_YOUR GOAL_: What is needed is a verbatim copy of each record below.
++++ DATA SUPPLIED
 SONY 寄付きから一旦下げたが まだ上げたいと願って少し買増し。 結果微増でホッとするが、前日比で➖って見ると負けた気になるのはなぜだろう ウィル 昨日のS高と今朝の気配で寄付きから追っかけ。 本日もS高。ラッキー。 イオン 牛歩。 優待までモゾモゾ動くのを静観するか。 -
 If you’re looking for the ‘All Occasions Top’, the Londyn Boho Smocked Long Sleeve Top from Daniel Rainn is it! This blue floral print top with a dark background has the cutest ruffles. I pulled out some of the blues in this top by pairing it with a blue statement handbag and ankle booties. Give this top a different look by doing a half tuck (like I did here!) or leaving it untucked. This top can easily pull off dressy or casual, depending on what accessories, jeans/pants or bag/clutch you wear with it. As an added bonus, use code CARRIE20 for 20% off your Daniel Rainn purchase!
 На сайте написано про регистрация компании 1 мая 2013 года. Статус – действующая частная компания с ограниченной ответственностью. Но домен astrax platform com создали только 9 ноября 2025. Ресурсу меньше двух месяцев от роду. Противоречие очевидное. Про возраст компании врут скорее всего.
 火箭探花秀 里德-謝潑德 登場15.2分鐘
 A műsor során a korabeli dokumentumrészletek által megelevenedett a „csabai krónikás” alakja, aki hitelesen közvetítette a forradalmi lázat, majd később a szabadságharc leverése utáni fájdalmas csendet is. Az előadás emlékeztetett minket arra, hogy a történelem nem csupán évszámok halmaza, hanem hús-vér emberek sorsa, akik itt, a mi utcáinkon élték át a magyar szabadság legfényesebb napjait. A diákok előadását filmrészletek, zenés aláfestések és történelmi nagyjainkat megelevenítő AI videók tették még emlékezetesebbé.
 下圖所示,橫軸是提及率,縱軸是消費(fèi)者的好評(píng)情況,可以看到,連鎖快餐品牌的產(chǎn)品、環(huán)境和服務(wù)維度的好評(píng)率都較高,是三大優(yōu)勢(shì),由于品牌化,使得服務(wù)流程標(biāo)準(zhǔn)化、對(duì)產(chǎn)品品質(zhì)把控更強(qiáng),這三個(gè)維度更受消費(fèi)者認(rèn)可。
++++++++
_SOLUTION TO THIS TASK_:
 SONY 寄付きから一旦下げたが まだ上げたいと願って少し買増し。 結果微増でホッとするが、前日比で➖って見ると負けた気になるのはなぜだろう ウィル 昨日のS高と今朝の気配で寄付きから追っかけ。 本日もS高。ラッキー。 イオン 牛歩。 優待までモゾモゾ動くのを静観するか。 -
 If you’re looking for the ‘All Occasions Top’, the Londyn Boho Smocked Long Sleeve Top from Daniel Rainn is it! This blue floral print top with a dark background has the cutest ruffles. I pulled out some of the blues in this top by pairing it with a blue statement handbag and ankle booties. Give this top a different look by doing a half tuck (like I did here!) or leaving it untucked. This top can easily pull off dressy or casual, depending on what accessories, jeans/pants or bag/clutch you wear with it. As an added bonus, use code CARRIE20 for 20% off your Daniel Rainn purchase!
 На сайте написано про регистрация компании 1 мая 2013 года. Статус – действующая частная компания с ограниченной ответственностью. Но домен astrax platform com создали только 9 ноября 2025. Ресурсу меньше двух месяцев от роду. Противоречие очевидное. Про возраст компании врут скорее всего.
 火箭探花秀 里德-謝潑德 登場15.2分鐘
 A műsor során a korabeli dokumentumrészletek által megelevenedett a „csabai krónikás” alakja, aki hitelesen közvetítette a forradalmi lázat, majd később a szabadságharc leverése utáni fájdalmas csendet is. Az előadás emlékeztetett minket arra, hogy a történelem nem csupán évszámok halmaza, hanem hús-vér emberek sorsa, akik itt, a mi utcáinkon élték át a magyar szabadság legfényesebb napjait. A diákok előadását filmrészletek, zenés aláfestések és történelmi nagyjainkat megelevenítő AI videók tették még emlékezetesebbé.
 下圖所示,橫軸是提及率,縱軸是消費(fèi)者的好評(píng)情況,可以看到,連鎖快餐品牌的產(chǎn)品、環(huán)境和服務(wù)維度的好評(píng)率都較高,是三大優(yōu)勢(shì),由于品牌化,使得服務(wù)流程標(biāo)準(zhǔn)化、對(duì)產(chǎn)品品質(zhì)把控更強(qiáng),這三個(gè)維度更受消費(fèi)者認(rèn)可。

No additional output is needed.